With honor: Officials, community step up to bury veteran

Published 7:00 am Friday, March 27, 2015

Typically, those without families are buried in a pauper’s grave, Pearl River County Coroner Derek Turnage said.
However, one man’s story touched the hearts of members in the community and as a result of their efforts, gave one Korean War veteran a proper burial.
James Bryan, an Army veteran, was in his 80s when he passed away at Highland Community Hospital in Picayune on February 15, Turnage said.
“The hospital contacted his next of kin and, for reasons unknown, they refused to come take care of this man’s funeral arrangements,” Turnage said. “He was in the morgue for about two weeks when the case was referred to me as an unclaimed body.”
Turnage said he felt this veteran deserved a proper burial at the National Cemetery in Biloxi, so he called Veterans Services in Poplarville to verify that Bryan was eligible for veteran’s benefits.
In the meantime, Highland nurse supervisors, John Aultman and Chad Stricker, who are both Army veterans, contributed to ensure Bryan wasn’t buried in a pauper’s grave.
“When you serve, you become part of a brotherhood, a fraternity that you never leave,” Aultman said. “You form connections with the people who served before and after you did. He needed someone to take care of him.”
Other community members offered to volunteer their services with regards to constructing a casket, which included Picayune’s American Legion Post 73, Quick and Grice and Magnolia Taxi Cab Service, Turnage said.
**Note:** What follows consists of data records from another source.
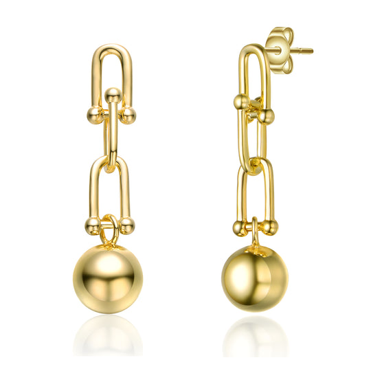 Chic 14K Yellow Gold Plated U-Shaped Link Chain Drop Earrings Featuring a Sleek Golden Ball for a Modern and Elegant Touch
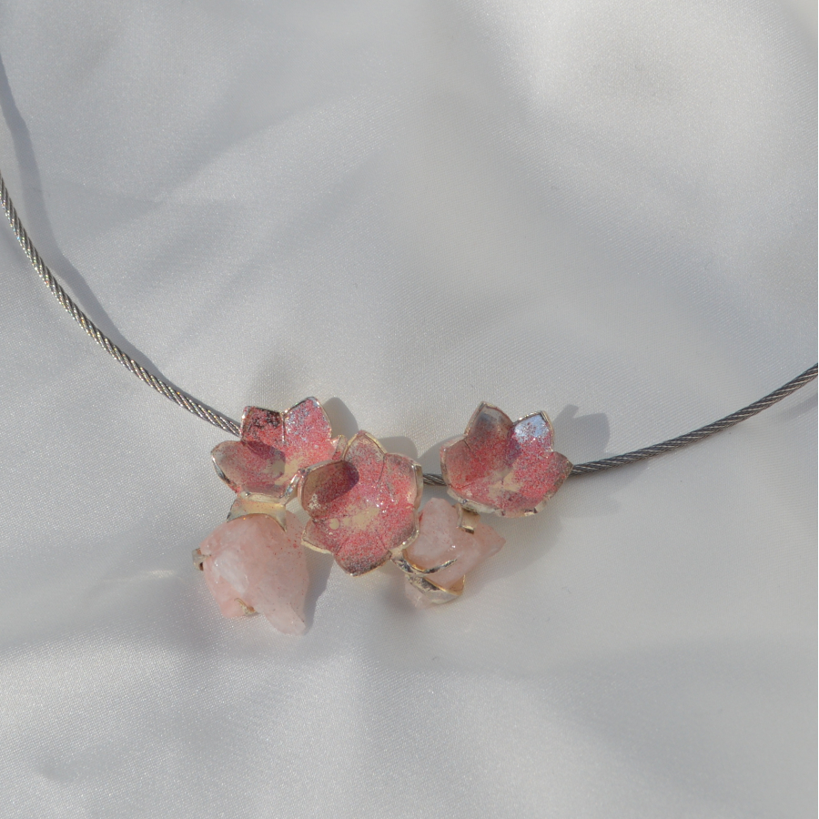 Laat je meenemen naar de weelderige pracht van het Russische hof met dit bijzondere collier uit de Yuveliniya collectie. Geïnspireerd door de overdadige en kleurrijke sieraden van de tsarentijd. Het ontwerp is geïnspireerd op een bloemenveld en versierd met 2 ruwe rozenkwarts. De bloemen hanger is 5 cm en maakt van dit collier een statement piece dat je met trots draagt en je look een koninklijk en sprookjesachtig karakter verleent.
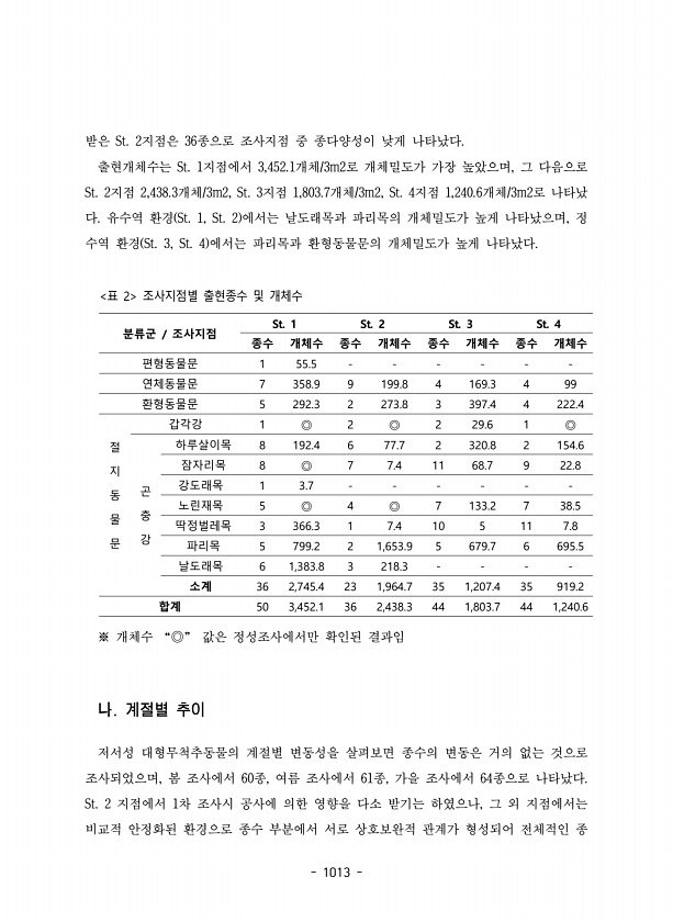 1013 받은 St. 2지점은 36종으로 조사지점 중 종다양성이 낮게 나타났다. 출현개체수는 St. 1지점에서 3,452.1개체/3m2로 개체밀도가 가장 높았으며, 그 다음으로 St. 2지점 2,438.3개체/3m2, St. 3지점 1,803.7개체/3m2, St. 4지점 1,240.6개체/3m2로 나타났 다. 유수역 환경 St. 1, St. 2 에서는 날도래목과 파리목의 개체밀도가 높게 나타났으며, 정 수역 환경 St. 3, St. 4 에서는 파리목과 환형동물문의 개체밀도가 높게 나타났다. 분류군 조사지점 St. 1 St. 2 St. 3 St. 4 종수 개체수 종수 개체수 종수 개체수 종수 개체수 편형동물문 1 55.5 연체동물문 7 358.9 9 199.8 4 169.3 4 99 환형동물문 5 292.3...

As it turned out, Bryan had some burial assistance through the Veterans Administration, so construction of a casket was not needed.
“Even through the casket didn’t have to be constructed, the overwhelming support from this community to get this veteran buried is the most important part,” Turnage said.
The next task involved transporting Bryan to Biloxi for burial. Serenity Transport Service volunteered to transport Bryan’s body to the Biloxi National Cemetery, Turnage said.
Byran is now buried with his fellow servicemen in the Biloxi National Cemetery.
“Pearl River County loves our veterans,” Turnage said. “They know that we are going to look out for them.”